自意識過剰ぶりが滑稽を通り越し、「物事の道理」を教えてやりたくなりますね。
ジェシカに対する、無神経な言動は女性の敵。

イタリア人ヒーローなら、これくらいは当たり前?
それともハーレのヒーローだから?

 

 

全世界の女性が自分と結婚したがってると勘違いしています。ちなみにジェシカはその筆頭とみなされてます。

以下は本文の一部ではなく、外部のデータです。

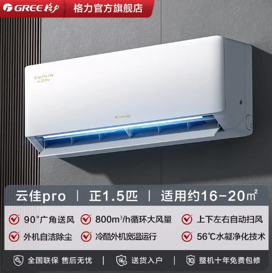 格力空调新一级能效大1匹正1.5匹变频卧室节能省电挂机云佳Pro
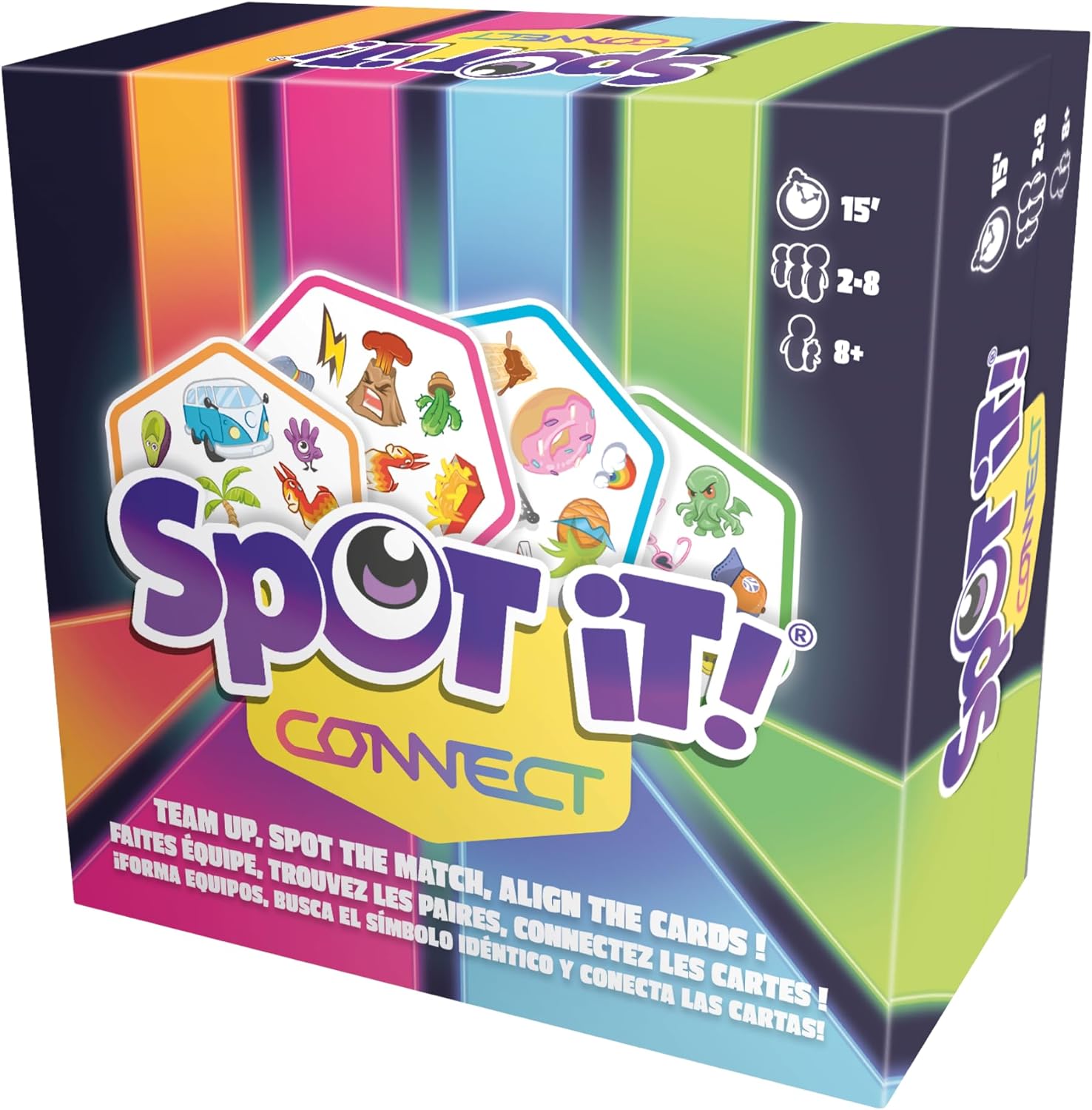 Fun, fast-paced and frantic, Spot it! Connect is THE ultimate reflex game for a wild time!

彼女の初心な言動も、サルヴァトーレを惑わし、結婚にこぎつけるための策略と勘違い。
感じ悪いことこの上ないのですが、突き抜けすぎて、逆に笑えるレベル。

しかも、世界をまたにかける大企業の会長わりにはせせこましい性格。

 

 

ヒロインに恋に落ちた瞬間から、ジェシカがキラキラひかってみえるでもなく、細かくケチをつけるサルヴァトーレ。

 

 

初々しい彼女がかわいいと思いながらも、ジェシカの下着が気に入らない。
実用的なブラジャーにがっかりですって(笑)
あと、パンティーストッキングも気にいらない。ストッキングとガーターベルトをはきたまえ。

 

ぷ。どうでもいいような命令です。

 

 

もっと大きくグローバルに物事とらえてほしい。
しかも、一般的に物事を考えられない。

 

 

初めてのデートの後、ジェシカは彼と愛を交わすのですが、泊まっていけと引き留めるサルヴァトーレの誘いを断ります。

 

 

だって、着替えがないもの。
明日会社に同じ服をきていけない。

 

 

そこで、サルヴァトーレはすねちゃいます。
なんて、デートの後、愛を交わすのは予想できる事態なのに、どうして着替えや歯ブラシの準備をしてこなかったんだ。

 

 

ジェシカは、考えて優しく返事をします。

「それは、そんなことをしたら、あまりにも・・・見え透いているからよ。
もし私が一泊用の旅行鞄をもってディナーの席に現れたらどう思う?」

サルヴァトーレが改心をして、彼女に結婚を申し込むくだりをもうちょっと楽しみたかったのですが、ページの都合上やむなしです。

 

もっとジェシカに、あやまっていただきたい。
傲慢すぎるヒーローがお好きな方なら、是非ともお手にとっていただきたい一作です。